---- Information provided
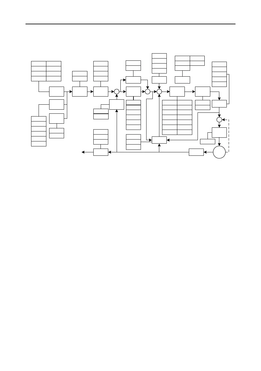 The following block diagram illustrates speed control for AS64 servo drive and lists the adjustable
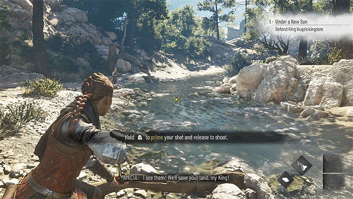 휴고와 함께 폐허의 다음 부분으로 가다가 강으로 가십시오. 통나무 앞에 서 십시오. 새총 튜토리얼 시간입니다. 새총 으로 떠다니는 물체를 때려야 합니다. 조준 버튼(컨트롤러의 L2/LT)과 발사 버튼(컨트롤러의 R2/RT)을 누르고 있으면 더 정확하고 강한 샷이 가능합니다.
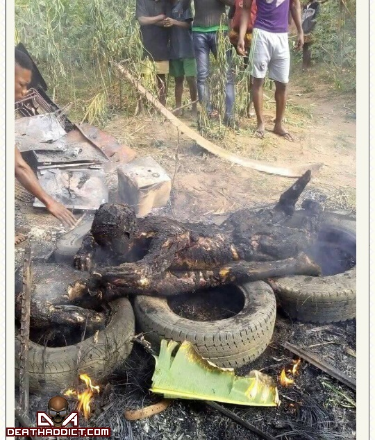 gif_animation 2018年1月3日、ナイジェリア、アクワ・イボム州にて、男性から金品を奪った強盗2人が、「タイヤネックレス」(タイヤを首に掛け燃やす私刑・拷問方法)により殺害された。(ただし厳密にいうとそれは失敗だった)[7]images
--------
---- Information provided
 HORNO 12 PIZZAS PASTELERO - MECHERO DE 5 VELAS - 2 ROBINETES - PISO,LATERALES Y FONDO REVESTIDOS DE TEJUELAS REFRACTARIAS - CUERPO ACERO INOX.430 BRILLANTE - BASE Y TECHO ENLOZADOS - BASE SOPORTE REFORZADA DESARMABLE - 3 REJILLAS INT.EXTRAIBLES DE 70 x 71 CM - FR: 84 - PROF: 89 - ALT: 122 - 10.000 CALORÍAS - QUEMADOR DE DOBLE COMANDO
--------
In the records above, copy exactly everything from the line that has "The following block" down to the line that has "휴고와 함께 폐허의 다음", both ends included, and leave out the pictures.

 The following block diagram illustrates speed control for AS64 servo drive and lists the adjustable
 휴고와 함께 폐허의 다음 부분으로 가다가 강으로 가십시오. 통나무 앞에 서 십시오. 새총 튜토리얼 시간입니다. 새총 으로 떠다니는 물체를 때려야 합니다. 조준 버튼(컨트롤러의 L2/LT)과 발사 버튼(컨트롤러의 R2/RT)을 누르고 있으면 더 정확하고 강한 샷이 가능합니다.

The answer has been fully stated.